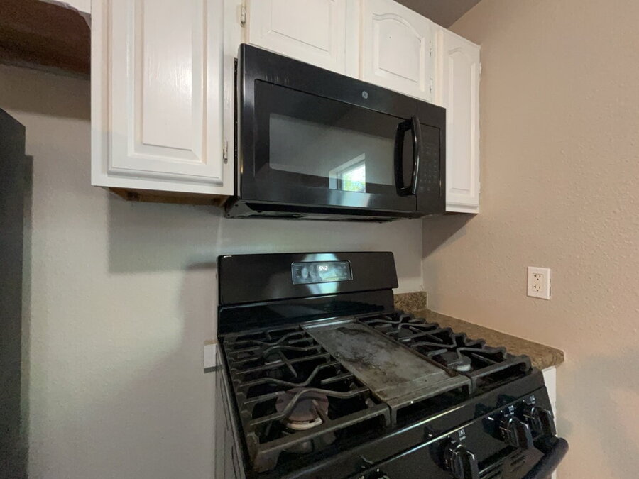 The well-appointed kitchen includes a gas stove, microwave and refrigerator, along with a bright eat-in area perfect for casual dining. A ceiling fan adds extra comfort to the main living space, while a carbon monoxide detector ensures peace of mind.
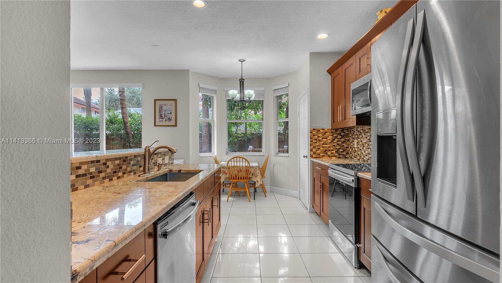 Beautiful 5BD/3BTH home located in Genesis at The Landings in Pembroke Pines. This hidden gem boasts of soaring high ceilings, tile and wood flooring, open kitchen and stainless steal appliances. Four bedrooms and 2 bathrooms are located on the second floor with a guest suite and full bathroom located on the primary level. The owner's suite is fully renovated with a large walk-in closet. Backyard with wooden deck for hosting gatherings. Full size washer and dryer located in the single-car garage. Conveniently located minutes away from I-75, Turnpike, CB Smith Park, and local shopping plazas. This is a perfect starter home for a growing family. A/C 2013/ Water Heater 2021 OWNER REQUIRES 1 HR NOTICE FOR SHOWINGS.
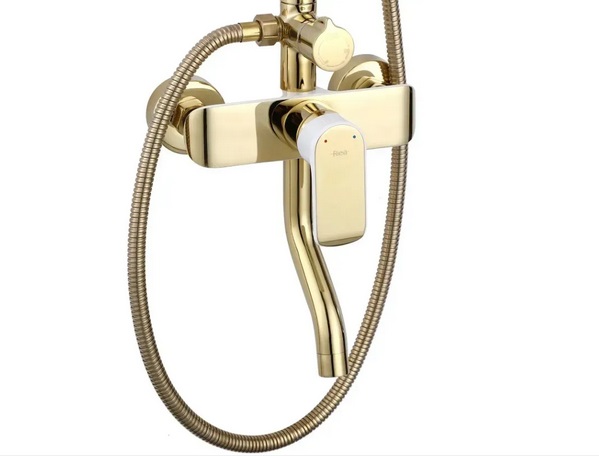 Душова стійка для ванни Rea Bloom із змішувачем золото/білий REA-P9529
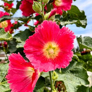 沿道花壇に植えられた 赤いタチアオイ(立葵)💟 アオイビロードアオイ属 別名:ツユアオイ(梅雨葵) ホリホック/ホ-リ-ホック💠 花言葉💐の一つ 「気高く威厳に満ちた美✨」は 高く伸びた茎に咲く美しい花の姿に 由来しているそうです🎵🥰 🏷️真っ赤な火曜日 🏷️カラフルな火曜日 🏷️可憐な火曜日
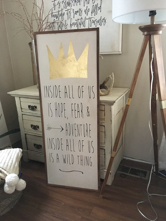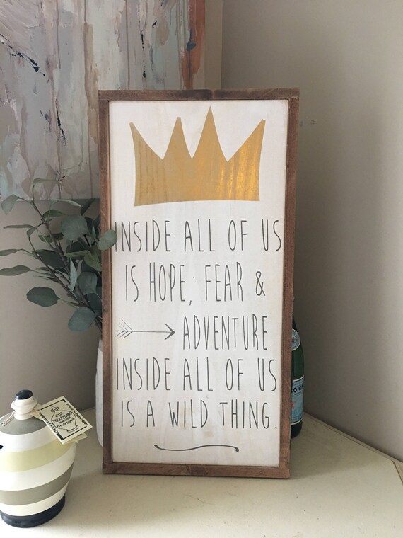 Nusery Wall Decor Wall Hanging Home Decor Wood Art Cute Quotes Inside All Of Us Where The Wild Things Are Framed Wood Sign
----------------------------------------
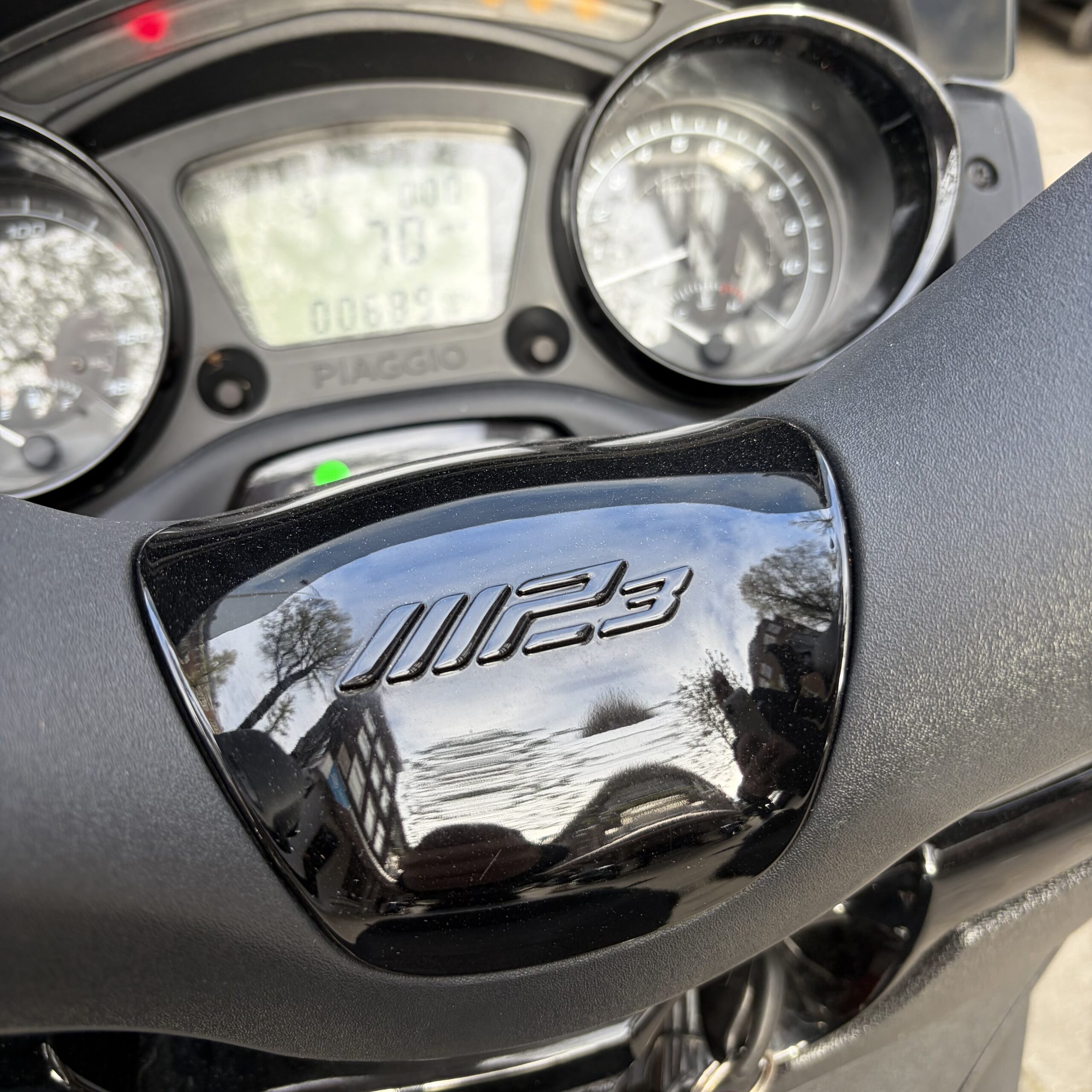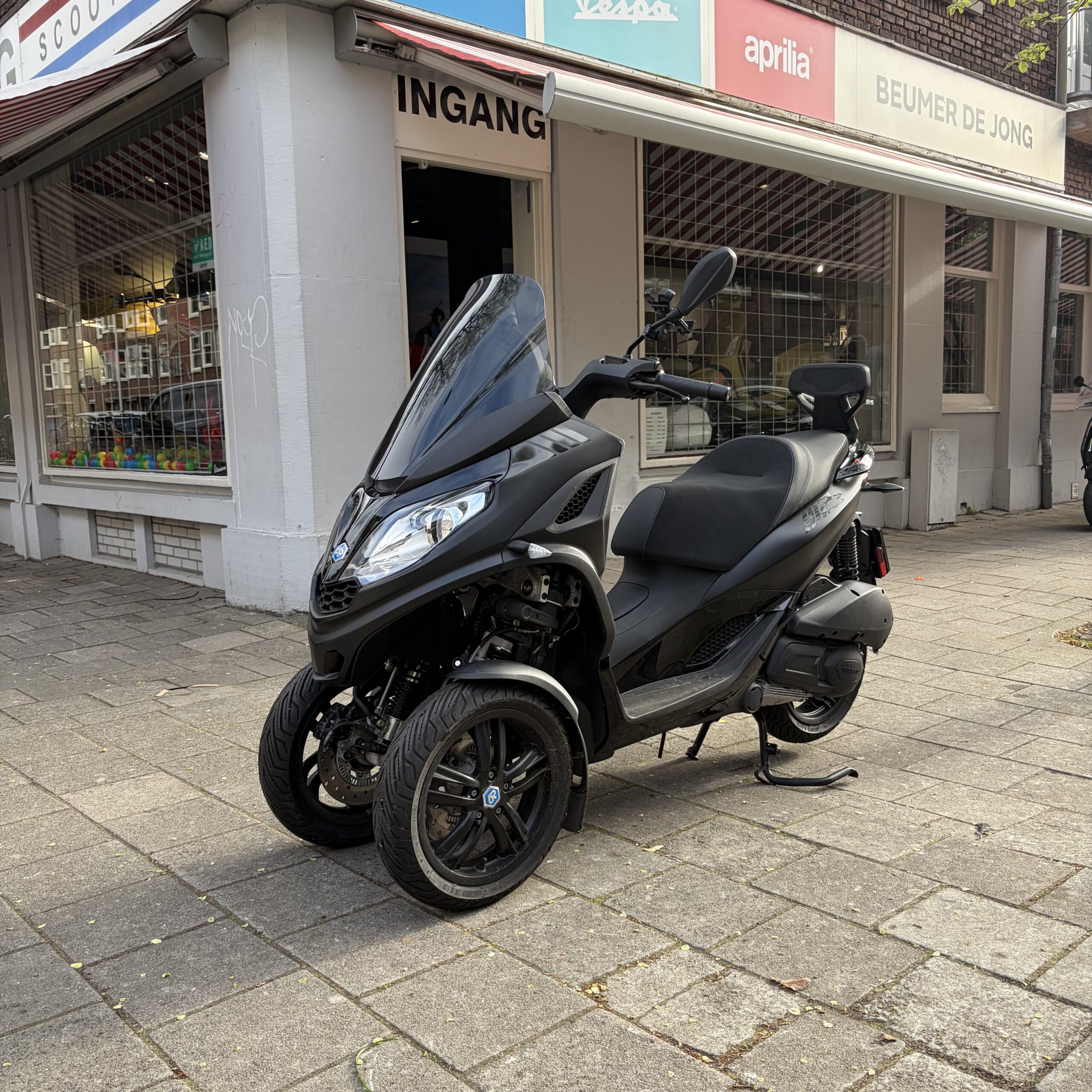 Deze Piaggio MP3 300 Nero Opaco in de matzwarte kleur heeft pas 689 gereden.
----------------------------------------
- **PROBLEM TO WORK ON**
Using the data above, print only the lines starting at the one with "Душова стійка для" and ending at the one with "Nusery Wall Decor", exactly as they stand, minus the pictures.

- **REPLY**
 Душова стійка для ванни Rea Bloom із змішувачем золото/білий REA-P9529
 沿道花壇に植えられた 赤いタチアオイ(立葵)💟 アオイビロードアオイ属 別名:ツユアオイ(梅雨葵) ホリホック/ホ-リ-ホック💠 花言葉💐の一つ 「気高く威厳に満ちた美✨」は 高く伸びた茎に咲く美しい花の姿に 由来しているそうです🎵🥰 🏷️真っ赤な火曜日 🏷️カラフルな火曜日 🏷️可憐な火曜日
 Nusery Wall Decor Wall Hanging Home Decor Wood Art Cute Quotes Inside All Of Us Where The Wild Things Are Framed Wood Sign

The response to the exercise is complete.